Only the lines below from the one containing "Такая же ситуация" through the one containing "Late 19th/early 20th" belong in the answer, set down exactly, with the pictures left out.

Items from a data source

------------------------

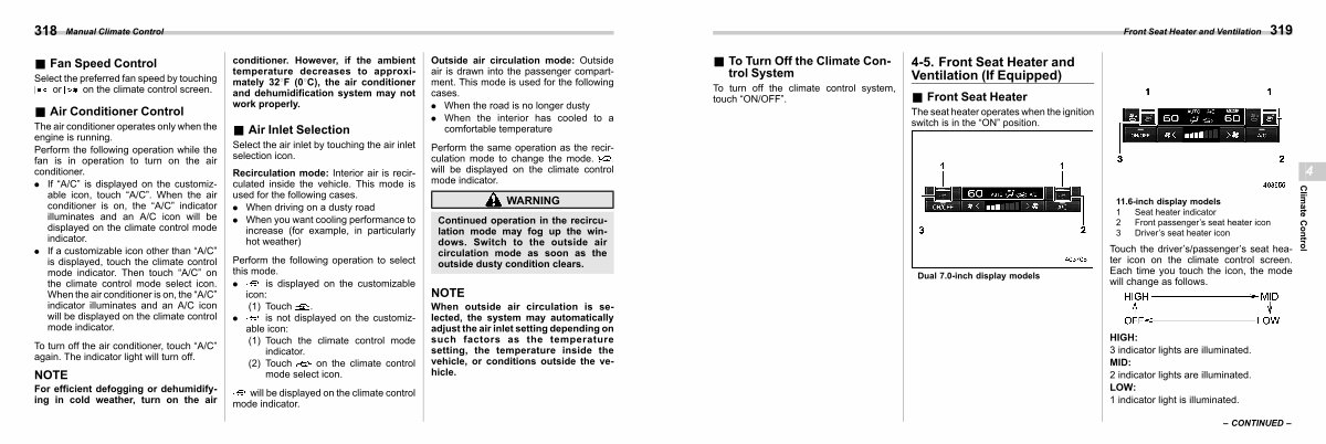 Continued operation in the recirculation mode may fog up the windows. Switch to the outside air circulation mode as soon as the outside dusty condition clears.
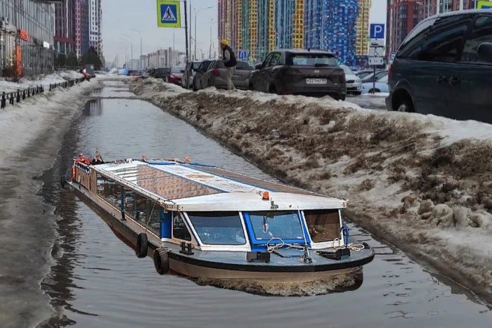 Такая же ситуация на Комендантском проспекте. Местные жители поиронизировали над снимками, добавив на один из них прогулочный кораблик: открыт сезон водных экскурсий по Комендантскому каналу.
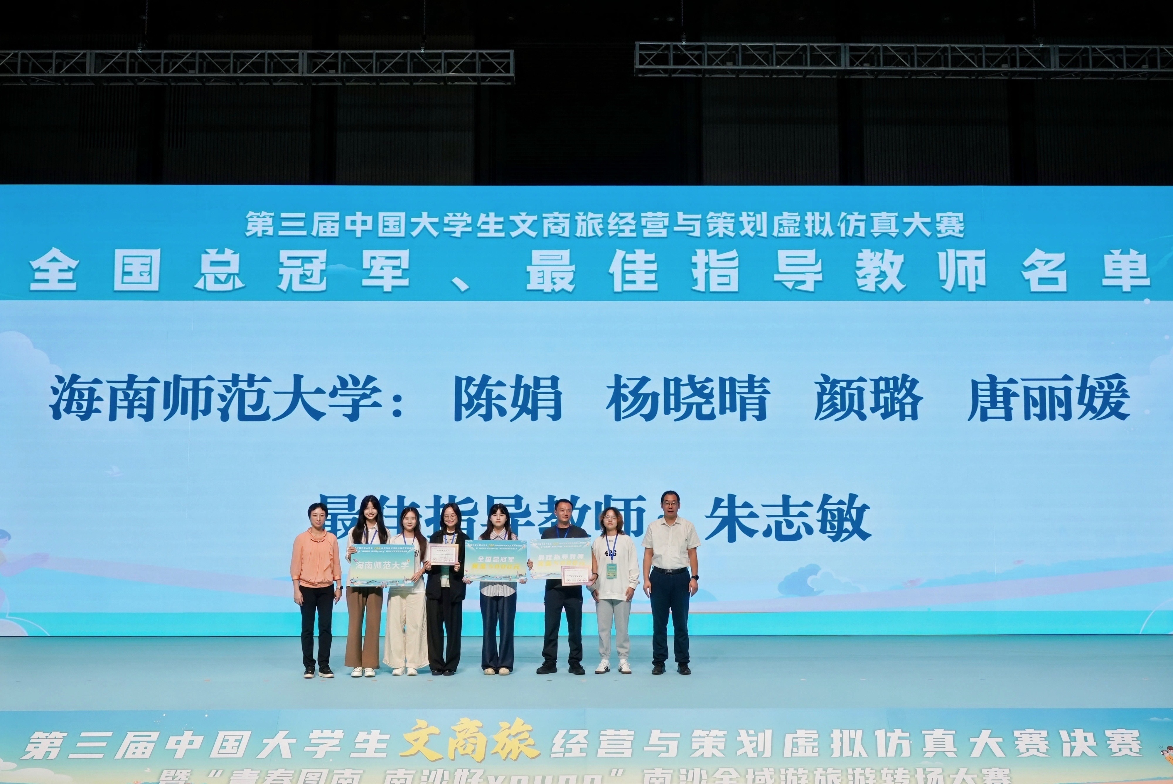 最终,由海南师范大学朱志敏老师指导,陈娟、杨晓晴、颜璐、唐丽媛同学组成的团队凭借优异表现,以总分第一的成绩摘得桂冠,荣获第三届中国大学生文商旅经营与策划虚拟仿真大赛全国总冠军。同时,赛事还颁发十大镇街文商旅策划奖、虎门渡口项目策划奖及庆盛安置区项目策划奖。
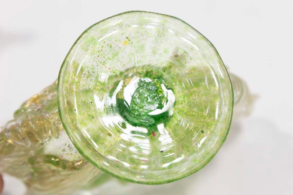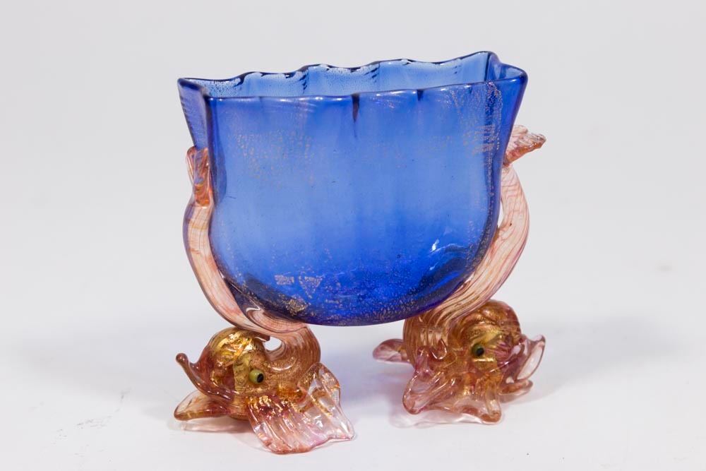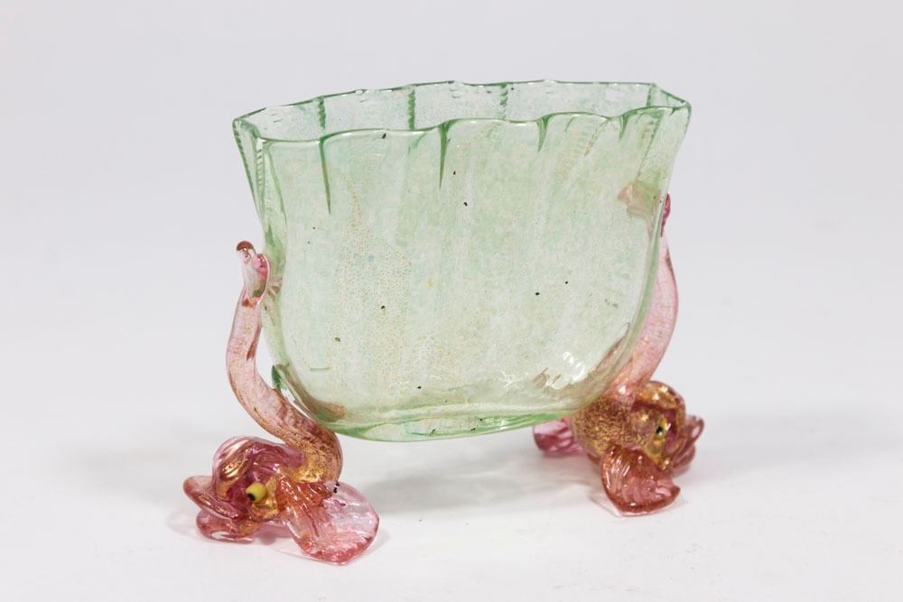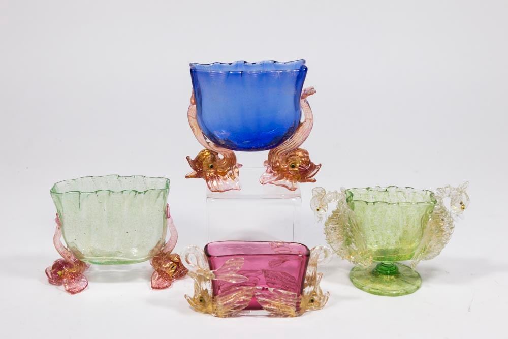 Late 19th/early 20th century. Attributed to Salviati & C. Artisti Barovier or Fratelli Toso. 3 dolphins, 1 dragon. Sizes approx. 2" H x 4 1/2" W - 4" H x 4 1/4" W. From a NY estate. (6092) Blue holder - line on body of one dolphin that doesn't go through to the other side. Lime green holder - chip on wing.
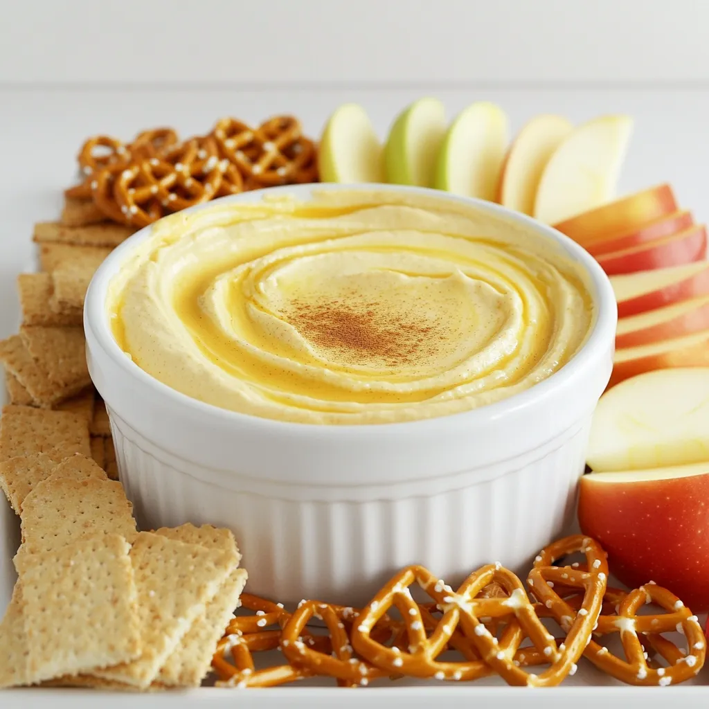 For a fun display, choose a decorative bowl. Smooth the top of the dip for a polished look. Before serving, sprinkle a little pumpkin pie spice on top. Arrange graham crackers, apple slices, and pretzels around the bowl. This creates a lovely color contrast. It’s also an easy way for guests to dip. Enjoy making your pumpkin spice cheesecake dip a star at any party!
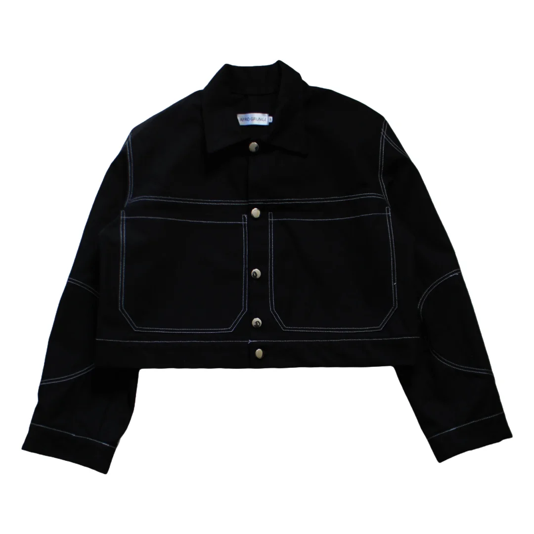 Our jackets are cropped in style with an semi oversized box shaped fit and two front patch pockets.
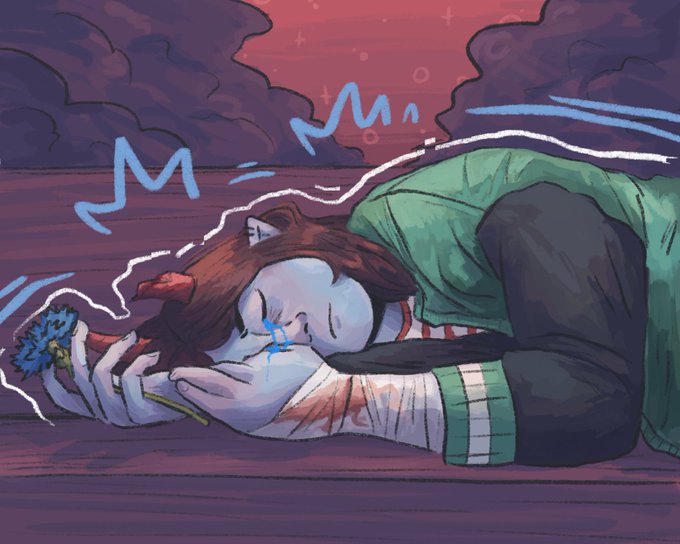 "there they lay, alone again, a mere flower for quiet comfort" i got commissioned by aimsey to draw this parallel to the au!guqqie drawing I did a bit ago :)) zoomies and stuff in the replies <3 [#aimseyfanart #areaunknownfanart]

------------------------

> _Answer space_
 Такая же ситуация на Комендантском проспекте. Местные жители поиронизировали над снимками, добавив на один из них прогулочный кораблик: открыт сезон водных экскурсий по Комендантскому каналу.
 最终,由海南师范大学朱志敏老师指导,陈娟、杨晓晴、颜璐、唐丽媛同学组成的团队凭借优异表现,以总分第一的成绩摘得桂冠,荣获第三届中国大学生文商旅经营与策划虚拟仿真大赛全国总冠军。同时,赛事还颁发十大镇街文商旅策划奖、虎门渡口项目策划奖及庆盛安置区项目策划奖。
 Late 19th/early 20th century. Attributed to Salviati & C. Artisti Barovier or Fratelli Toso. 3 dolphins, 1 dragon. Sizes approx. 2" H x 4 1/2" W - 4" H x 4 1/4" W. From a NY estate. (6092) Blue holder - line on body of one dolphin that doesn't go through to the other side. Lime green holder - chip on wing.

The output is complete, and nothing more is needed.